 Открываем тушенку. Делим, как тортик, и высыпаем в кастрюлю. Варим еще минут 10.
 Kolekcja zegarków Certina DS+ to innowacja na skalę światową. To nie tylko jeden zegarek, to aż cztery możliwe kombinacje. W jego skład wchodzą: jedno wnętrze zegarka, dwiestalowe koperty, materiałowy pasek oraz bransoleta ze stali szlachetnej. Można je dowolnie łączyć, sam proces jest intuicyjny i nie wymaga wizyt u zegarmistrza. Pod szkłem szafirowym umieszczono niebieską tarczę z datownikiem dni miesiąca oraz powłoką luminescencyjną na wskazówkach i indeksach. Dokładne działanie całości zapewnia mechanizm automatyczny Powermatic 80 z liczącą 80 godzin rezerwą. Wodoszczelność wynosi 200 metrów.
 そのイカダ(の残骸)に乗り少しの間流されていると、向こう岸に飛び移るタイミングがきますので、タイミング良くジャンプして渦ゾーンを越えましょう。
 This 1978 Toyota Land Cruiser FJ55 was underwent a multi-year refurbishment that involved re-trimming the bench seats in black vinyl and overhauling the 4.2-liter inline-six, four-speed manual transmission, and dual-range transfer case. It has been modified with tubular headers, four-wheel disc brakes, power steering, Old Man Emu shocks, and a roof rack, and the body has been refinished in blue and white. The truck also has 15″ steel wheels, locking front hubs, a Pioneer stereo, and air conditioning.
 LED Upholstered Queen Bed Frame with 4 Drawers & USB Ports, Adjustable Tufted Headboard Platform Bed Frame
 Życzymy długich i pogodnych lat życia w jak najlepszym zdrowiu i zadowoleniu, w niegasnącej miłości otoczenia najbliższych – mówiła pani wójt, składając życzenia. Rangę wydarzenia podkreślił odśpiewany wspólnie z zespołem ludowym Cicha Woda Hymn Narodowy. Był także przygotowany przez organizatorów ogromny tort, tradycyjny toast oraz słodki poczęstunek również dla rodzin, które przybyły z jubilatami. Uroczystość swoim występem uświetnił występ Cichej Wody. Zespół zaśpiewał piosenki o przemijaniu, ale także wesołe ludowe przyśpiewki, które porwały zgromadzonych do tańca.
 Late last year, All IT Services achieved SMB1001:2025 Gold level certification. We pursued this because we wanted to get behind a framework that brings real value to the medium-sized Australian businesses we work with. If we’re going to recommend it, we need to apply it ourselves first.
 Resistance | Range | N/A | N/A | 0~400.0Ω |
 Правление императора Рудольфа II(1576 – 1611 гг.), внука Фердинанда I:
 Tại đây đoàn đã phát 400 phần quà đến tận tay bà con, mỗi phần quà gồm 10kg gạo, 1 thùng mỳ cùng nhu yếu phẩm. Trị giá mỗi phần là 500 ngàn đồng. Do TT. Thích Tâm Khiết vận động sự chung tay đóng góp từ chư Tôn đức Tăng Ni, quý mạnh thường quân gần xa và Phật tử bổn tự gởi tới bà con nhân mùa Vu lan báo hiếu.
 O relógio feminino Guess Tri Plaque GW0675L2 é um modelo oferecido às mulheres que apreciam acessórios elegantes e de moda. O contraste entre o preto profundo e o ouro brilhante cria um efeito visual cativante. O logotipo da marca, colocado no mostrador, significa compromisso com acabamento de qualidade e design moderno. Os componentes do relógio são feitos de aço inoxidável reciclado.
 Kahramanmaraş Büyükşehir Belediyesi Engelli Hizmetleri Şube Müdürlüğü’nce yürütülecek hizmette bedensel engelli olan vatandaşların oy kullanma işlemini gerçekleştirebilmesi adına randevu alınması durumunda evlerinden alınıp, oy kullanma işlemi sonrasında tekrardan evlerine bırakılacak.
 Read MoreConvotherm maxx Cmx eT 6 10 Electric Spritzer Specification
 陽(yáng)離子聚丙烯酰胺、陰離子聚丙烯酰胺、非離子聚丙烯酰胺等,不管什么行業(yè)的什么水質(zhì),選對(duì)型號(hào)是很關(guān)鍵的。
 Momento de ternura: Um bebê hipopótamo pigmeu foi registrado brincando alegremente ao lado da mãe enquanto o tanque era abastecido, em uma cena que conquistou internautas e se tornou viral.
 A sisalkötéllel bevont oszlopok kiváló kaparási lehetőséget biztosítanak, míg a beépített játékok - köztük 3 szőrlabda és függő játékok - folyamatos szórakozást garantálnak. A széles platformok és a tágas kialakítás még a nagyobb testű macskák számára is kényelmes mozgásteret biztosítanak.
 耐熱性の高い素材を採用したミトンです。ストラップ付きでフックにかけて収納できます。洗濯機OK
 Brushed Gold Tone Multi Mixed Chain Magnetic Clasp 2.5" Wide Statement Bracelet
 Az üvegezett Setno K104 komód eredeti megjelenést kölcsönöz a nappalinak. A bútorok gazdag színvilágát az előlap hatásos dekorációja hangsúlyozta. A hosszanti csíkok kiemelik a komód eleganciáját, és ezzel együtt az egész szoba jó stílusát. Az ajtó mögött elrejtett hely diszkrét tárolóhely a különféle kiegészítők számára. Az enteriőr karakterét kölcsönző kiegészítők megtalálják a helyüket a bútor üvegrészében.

§

__ABOUT THIS TASK__
The records above need copying again. Keep each word as it is.

__WRITTEN ANSWER__
 Открываем тушенку. Делим, как тортик, и высыпаем в кастрюлю. Варим еще минут 10.
 Kolekcja zegarków Certina DS+ to innowacja na skalę światową. To nie tylko jeden zegarek, to aż cztery możliwe kombinacje. W jego skład wchodzą: jedno wnętrze zegarka, dwiestalowe koperty, materiałowy pasek oraz bransoleta ze stali szlachetnej. Można je dowolnie łączyć, sam proces jest intuicyjny i nie wymaga wizyt u zegarmistrza. Pod szkłem szafirowym umieszczono niebieską tarczę z datownikiem dni miesiąca oraz powłoką luminescencyjną na wskazówkach i indeksach. Dokładne działanie całości zapewnia mechanizm automatyczny Powermatic 80 z liczącą 80 godzin rezerwą. Wodoszczelność wynosi 200 metrów.
 そのイカダ(の残骸)に乗り少しの間流されていると、向こう岸に飛び移るタイミングがきますので、タイミング良くジャンプして渦ゾーンを越えましょう。
 This 1978 Toyota Land Cruiser FJ55 was underwent a multi-year refurbishment that involved re-trimming the bench seats in black vinyl and overhauling the 4.2-liter inline-six, four-speed manual transmission, and dual-range transfer case. It has been modified with tubular headers, four-wheel disc brakes, power steering, Old Man Emu shocks, and a roof rack, and the body has been refinished in blue and white. The truck also has 15″ steel wheels, locking front hubs, a Pioneer stereo, and air conditioning.
 LED Upholstered Queen Bed Frame with 4 Drawers & USB Ports, Adjustable Tufted Headboard Platform Bed Frame
 Życzymy długich i pogodnych lat życia w jak najlepszym zdrowiu i zadowoleniu, w niegasnącej miłości otoczenia najbliższych – mówiła pani wójt, składając życzenia. Rangę wydarzenia podkreślił odśpiewany wspólnie z zespołem ludowym Cicha Woda Hymn Narodowy. Był także przygotowany przez organizatorów ogromny tort, tradycyjny toast oraz słodki poczęstunek również dla rodzin, które przybyły z jubilatami. Uroczystość swoim występem uświetnił występ Cichej Wody. Zespół zaśpiewał piosenki o przemijaniu, ale także wesołe ludowe przyśpiewki, które porwały zgromadzonych do tańca.
 Late last year, All IT Services achieved SMB1001:2025 Gold level certification. We pursued this because we wanted to get behind a framework that brings real value to the medium-sized Australian businesses we work with. If we’re going to recommend it, we need to apply it ourselves first.
 Resistance | Range | N/A | N/A | 0~400.0Ω |
 Правление императора Рудольфа II(1576 – 1611 гг.), внука Фердинанда I:
 Tại đây đoàn đã phát 400 phần quà đến tận tay bà con, mỗi phần quà gồm 10kg gạo, 1 thùng mỳ cùng nhu yếu phẩm. Trị giá mỗi phần là 500 ngàn đồng. Do TT. Thích Tâm Khiết vận động sự chung tay đóng góp từ chư Tôn đức Tăng Ni, quý mạnh thường quân gần xa và Phật tử bổn tự gởi tới bà con nhân mùa Vu lan báo hiếu.
 O relógio feminino Guess Tri Plaque GW0675L2 é um modelo oferecido às mulheres que apreciam acessórios elegantes e de moda. O contraste entre o preto profundo e o ouro brilhante cria um efeito visual cativante. O logotipo da marca, colocado no mostrador, significa compromisso com acabamento de qualidade e design moderno. Os componentes do relógio são feitos de aço inoxidável reciclado.
 Kahramanmaraş Büyükşehir Belediyesi Engelli Hizmetleri Şube Müdürlüğü’nce yürütülecek hizmette bedensel engelli olan vatandaşların oy kullanma işlemini gerçekleştirebilmesi adına randevu alınması durumunda evlerinden alınıp, oy kullanma işlemi sonrasında tekrardan evlerine bırakılacak.
 Read MoreConvotherm maxx Cmx eT 6 10 Electric Spritzer Specification
 陽(yáng)離子聚丙烯酰胺、陰離子聚丙烯酰胺、非離子聚丙烯酰胺等,不管什么行業(yè)的什么水質(zhì),選對(duì)型號(hào)是很關(guān)鍵的。
 Momento de ternura: Um bebê hipopótamo pigmeu foi registrado brincando alegremente ao lado da mãe enquanto o tanque era abastecido, em uma cena que conquistou internautas e se tornou viral.
 A sisalkötéllel bevont oszlopok kiváló kaparási lehetőséget biztosítanak, míg a beépített játékok - köztük 3 szőrlabda és függő játékok - folyamatos szórakozást garantálnak. A széles platformok és a tágas kialakítás még a nagyobb testű macskák számára is kényelmes mozgásteret biztosítanak.
 耐熱性の高い素材を採用したミトンです。ストラップ付きでフックにかけて収納できます。洗濯機OK
 Brushed Gold Tone Multi Mixed Chain Magnetic Clasp 2.5" Wide Statement Bracelet
 Az üvegezett Setno K104 komód eredeti megjelenést kölcsönöz a nappalinak. A bútorok gazdag színvilágát az előlap hatásos dekorációja hangsúlyozta. A hosszanti csíkok kiemelik a komód eleganciáját, és ezzel együtt az egész szoba jó stílusát. Az ajtó mögött elrejtett hely diszkrét tárolóhely a különféle kiegészítők számára. Az enteriőr karakterét kölcsönző kiegészítők megtalálják a helyüket a bútor üvegrészében.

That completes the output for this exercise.